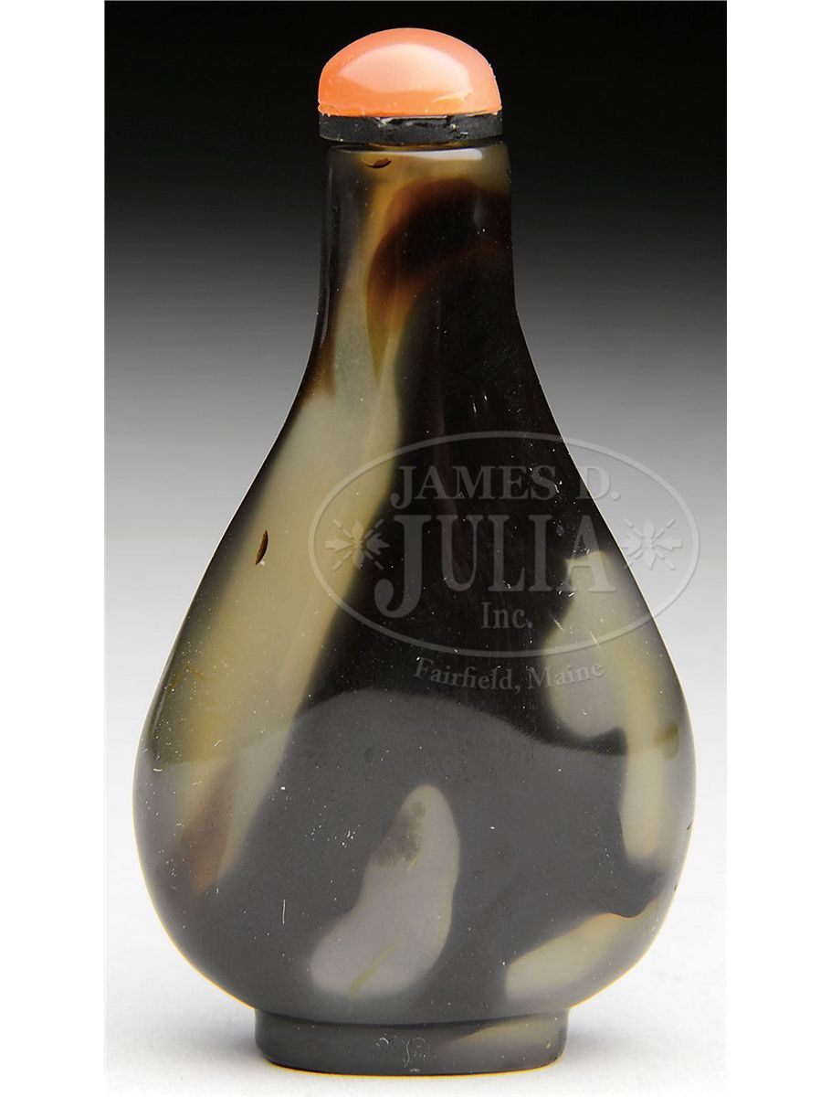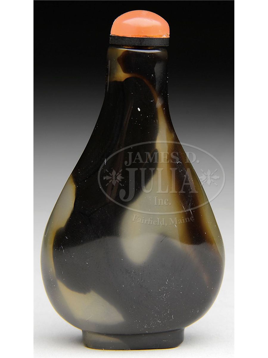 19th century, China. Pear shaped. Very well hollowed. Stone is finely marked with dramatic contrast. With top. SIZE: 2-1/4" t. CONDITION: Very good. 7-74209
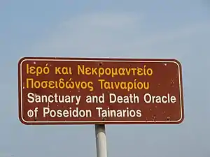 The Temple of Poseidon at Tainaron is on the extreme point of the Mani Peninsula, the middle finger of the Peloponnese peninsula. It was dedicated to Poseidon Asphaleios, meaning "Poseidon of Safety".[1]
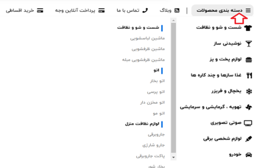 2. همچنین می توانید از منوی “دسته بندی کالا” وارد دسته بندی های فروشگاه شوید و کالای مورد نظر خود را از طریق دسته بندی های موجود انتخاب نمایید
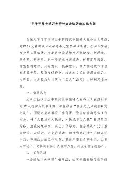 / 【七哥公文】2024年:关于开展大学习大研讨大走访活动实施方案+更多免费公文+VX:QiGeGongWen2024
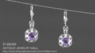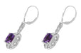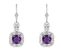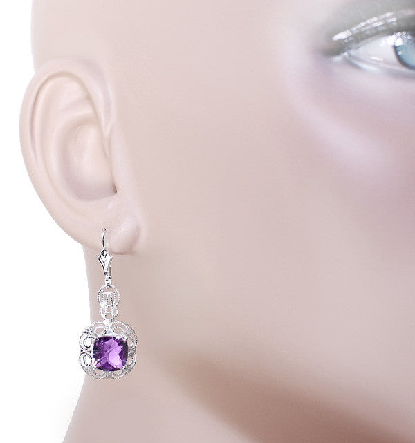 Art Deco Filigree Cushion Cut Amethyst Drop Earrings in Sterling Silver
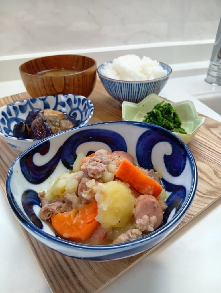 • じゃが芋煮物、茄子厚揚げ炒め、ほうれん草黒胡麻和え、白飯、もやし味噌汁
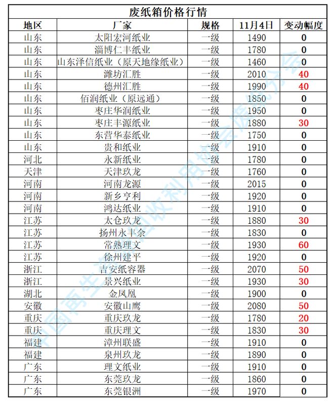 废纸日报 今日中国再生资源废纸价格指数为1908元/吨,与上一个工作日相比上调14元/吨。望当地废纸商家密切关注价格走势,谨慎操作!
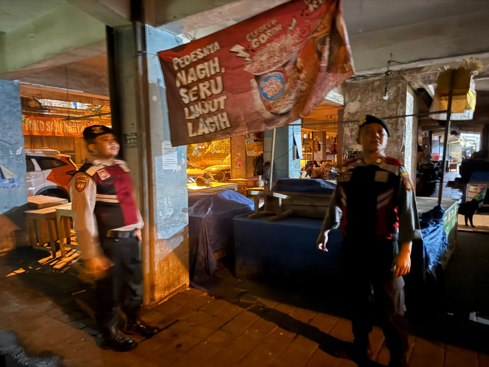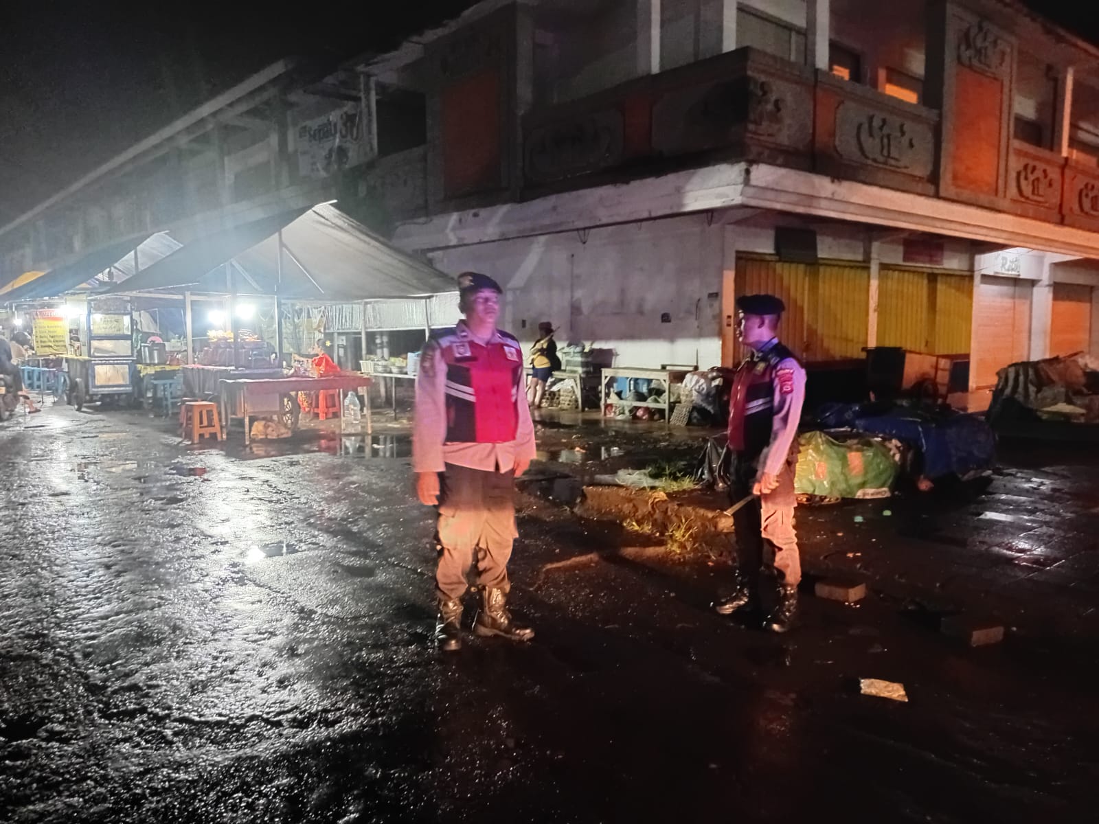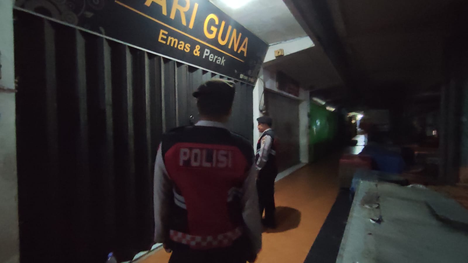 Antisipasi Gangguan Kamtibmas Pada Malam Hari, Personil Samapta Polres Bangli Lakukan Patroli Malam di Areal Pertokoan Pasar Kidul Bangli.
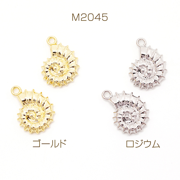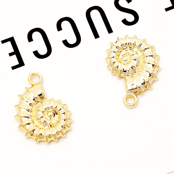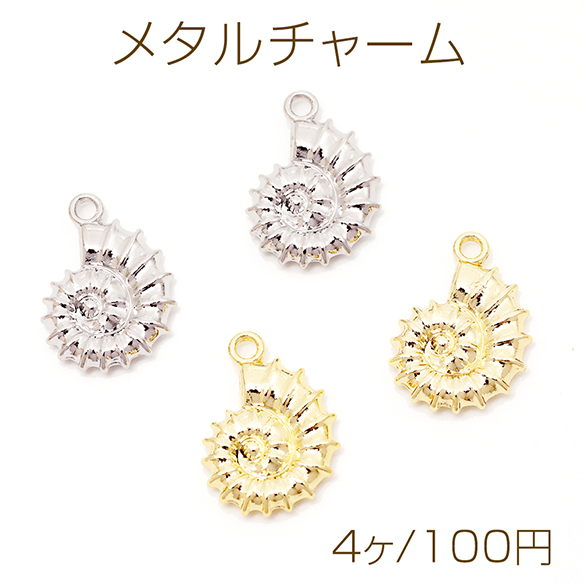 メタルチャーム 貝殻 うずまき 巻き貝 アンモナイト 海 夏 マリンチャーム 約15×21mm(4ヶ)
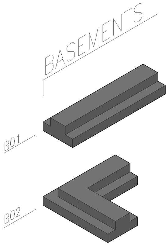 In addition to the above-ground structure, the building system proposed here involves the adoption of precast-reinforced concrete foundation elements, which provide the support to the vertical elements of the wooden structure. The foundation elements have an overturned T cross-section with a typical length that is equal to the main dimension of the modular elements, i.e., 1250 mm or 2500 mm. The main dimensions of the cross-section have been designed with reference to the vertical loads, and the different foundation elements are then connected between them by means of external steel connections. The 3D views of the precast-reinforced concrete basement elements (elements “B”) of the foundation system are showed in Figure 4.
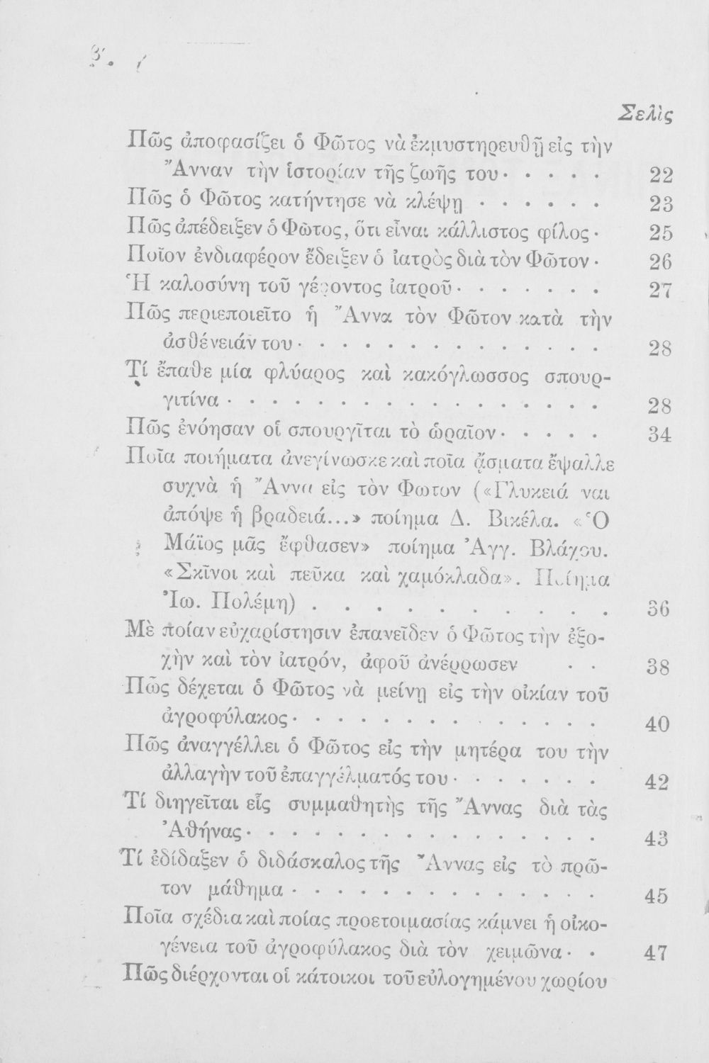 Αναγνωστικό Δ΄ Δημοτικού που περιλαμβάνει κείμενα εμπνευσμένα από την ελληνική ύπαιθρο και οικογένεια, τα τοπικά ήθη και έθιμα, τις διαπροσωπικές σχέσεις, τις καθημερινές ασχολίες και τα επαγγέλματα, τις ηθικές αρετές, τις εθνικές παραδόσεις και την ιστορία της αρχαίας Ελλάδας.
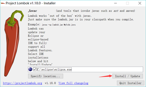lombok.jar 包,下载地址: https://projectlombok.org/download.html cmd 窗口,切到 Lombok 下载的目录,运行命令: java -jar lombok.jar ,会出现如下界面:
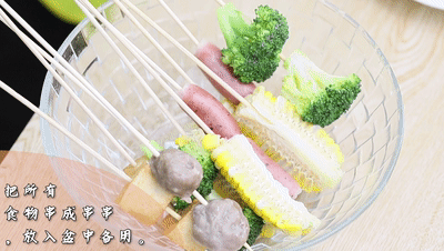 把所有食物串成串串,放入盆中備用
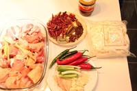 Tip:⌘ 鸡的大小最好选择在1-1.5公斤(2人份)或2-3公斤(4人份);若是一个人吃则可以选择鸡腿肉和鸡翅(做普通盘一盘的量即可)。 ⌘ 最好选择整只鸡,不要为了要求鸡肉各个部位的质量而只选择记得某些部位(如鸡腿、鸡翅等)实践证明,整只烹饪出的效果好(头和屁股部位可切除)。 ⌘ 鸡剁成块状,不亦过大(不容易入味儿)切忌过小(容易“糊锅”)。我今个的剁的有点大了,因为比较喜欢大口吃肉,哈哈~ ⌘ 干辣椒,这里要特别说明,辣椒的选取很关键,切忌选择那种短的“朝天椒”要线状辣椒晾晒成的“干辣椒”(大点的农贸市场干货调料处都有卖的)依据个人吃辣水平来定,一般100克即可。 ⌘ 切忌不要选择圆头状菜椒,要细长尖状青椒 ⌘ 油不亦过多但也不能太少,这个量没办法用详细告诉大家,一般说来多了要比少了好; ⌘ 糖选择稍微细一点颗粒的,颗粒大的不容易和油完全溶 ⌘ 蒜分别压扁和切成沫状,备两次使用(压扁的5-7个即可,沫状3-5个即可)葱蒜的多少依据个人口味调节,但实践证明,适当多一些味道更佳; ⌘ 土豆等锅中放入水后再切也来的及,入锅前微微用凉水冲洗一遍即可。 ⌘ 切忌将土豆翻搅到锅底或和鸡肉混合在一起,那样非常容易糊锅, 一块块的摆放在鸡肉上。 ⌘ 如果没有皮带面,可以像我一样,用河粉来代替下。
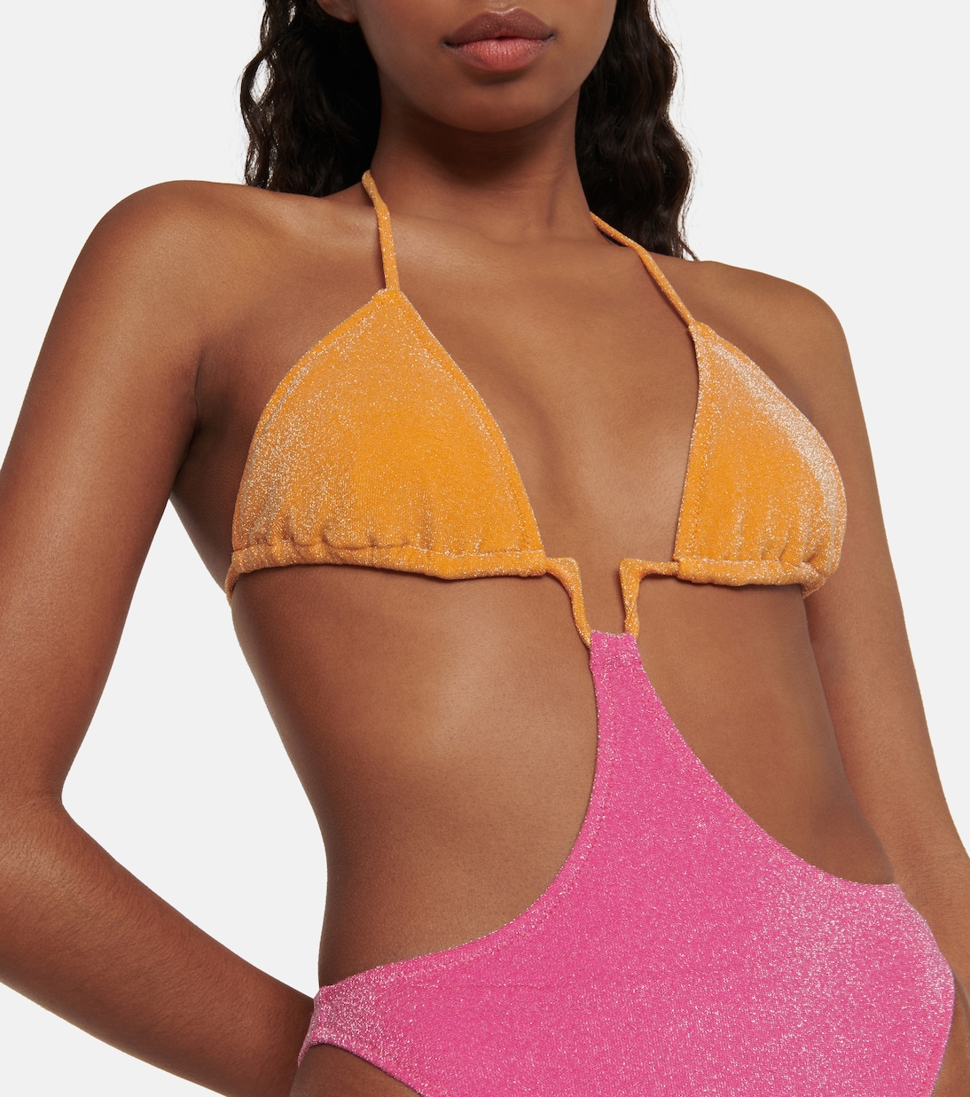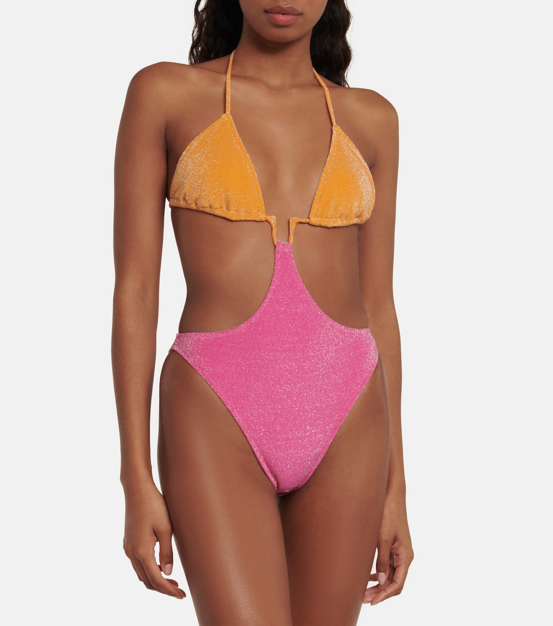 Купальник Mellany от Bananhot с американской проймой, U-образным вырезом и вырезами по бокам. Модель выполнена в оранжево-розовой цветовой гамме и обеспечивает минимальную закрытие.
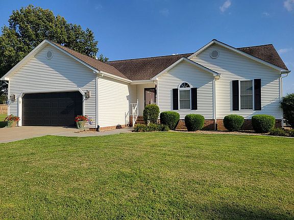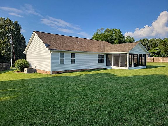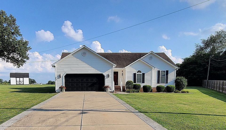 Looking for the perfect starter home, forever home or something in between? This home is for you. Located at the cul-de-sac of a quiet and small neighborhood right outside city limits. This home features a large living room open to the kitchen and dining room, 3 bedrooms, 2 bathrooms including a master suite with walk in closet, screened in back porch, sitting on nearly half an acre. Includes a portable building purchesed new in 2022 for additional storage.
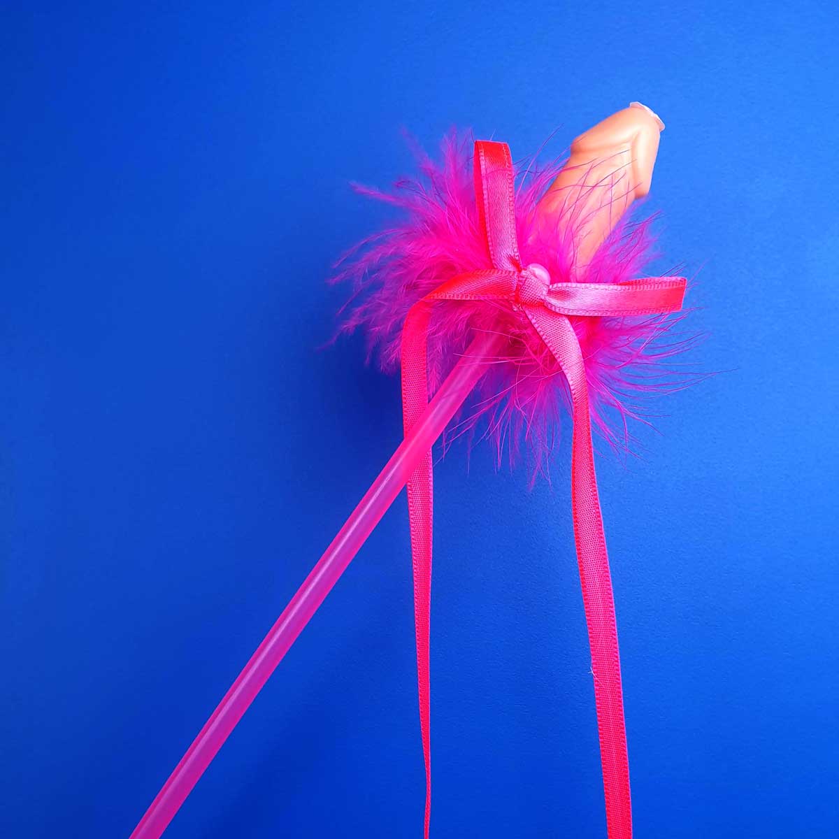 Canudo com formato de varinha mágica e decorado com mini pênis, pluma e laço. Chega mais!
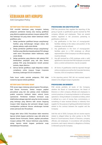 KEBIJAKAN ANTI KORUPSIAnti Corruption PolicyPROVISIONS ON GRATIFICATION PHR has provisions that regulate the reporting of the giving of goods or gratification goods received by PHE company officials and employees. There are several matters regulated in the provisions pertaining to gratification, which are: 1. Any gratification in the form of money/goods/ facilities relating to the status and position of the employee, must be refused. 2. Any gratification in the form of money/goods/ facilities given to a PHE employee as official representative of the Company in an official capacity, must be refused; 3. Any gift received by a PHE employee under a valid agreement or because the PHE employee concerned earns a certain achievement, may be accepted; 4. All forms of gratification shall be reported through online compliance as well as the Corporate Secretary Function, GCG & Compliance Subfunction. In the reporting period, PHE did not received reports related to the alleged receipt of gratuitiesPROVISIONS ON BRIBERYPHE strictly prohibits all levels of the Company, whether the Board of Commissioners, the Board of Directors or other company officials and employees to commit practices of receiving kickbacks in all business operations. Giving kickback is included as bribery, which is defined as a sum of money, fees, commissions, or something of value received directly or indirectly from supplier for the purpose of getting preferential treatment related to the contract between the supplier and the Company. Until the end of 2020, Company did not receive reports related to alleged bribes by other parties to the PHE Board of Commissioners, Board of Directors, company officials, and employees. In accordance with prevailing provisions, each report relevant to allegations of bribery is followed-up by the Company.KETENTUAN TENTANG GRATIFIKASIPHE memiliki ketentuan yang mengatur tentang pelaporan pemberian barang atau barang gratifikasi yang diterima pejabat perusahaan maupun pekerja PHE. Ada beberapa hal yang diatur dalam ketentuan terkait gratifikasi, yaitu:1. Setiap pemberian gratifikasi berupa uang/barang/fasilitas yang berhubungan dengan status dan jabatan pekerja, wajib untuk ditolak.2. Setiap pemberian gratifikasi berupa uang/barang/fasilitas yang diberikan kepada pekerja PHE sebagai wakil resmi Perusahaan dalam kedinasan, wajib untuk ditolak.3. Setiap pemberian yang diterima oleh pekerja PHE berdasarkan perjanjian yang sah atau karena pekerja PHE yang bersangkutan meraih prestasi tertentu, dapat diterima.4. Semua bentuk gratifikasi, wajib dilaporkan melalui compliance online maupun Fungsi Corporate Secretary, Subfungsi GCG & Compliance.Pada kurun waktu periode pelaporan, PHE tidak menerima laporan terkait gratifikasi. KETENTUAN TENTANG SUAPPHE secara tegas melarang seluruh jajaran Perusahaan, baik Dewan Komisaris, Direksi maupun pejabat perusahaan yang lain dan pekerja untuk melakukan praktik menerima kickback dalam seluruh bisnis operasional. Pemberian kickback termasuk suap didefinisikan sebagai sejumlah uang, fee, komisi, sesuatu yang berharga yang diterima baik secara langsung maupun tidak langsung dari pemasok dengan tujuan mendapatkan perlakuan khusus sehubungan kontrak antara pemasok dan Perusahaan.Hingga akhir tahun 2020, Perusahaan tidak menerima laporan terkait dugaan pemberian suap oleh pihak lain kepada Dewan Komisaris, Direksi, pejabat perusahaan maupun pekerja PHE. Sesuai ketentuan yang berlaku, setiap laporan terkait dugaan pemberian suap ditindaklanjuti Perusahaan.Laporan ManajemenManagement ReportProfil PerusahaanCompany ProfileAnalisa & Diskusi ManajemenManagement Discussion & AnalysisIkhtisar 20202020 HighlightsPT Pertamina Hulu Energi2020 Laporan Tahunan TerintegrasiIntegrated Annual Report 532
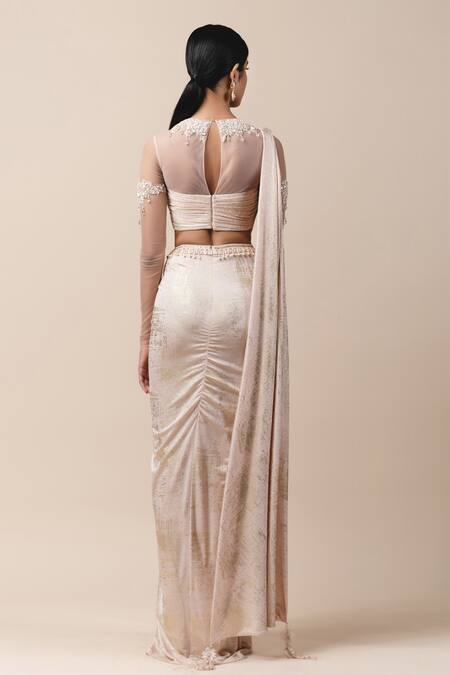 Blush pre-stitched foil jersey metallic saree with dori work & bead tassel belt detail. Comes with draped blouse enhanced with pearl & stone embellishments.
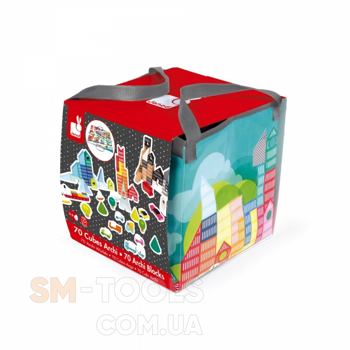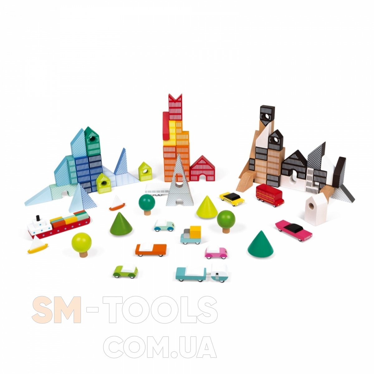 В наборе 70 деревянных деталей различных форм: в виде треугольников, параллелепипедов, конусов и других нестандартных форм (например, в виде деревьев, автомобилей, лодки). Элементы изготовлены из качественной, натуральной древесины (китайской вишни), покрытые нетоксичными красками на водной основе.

To do — Starting from the line with "废纸日报 今日中国再生资源废" in the records above, repeat each line exactly until you have written the line with "メタルチャーム 貝殻 うずまき", then stop; drop the pictures.

Reply —
 废纸日报 今日中国再生资源废纸价格指数为1908元/吨,与上一个工作日相比上调14元/吨。望当地废纸商家密切关注价格走势,谨慎操作!
 Antisipasi Gangguan Kamtibmas Pada Malam Hari, Personil Samapta Polres Bangli Lakukan Patroli Malam di Areal Pertokoan Pasar Kidul Bangli.
 メタルチャーム 貝殻 うずまき 巻き貝 アンモナイト 海 夏 マリンチャーム 約15×21mm(4ヶ)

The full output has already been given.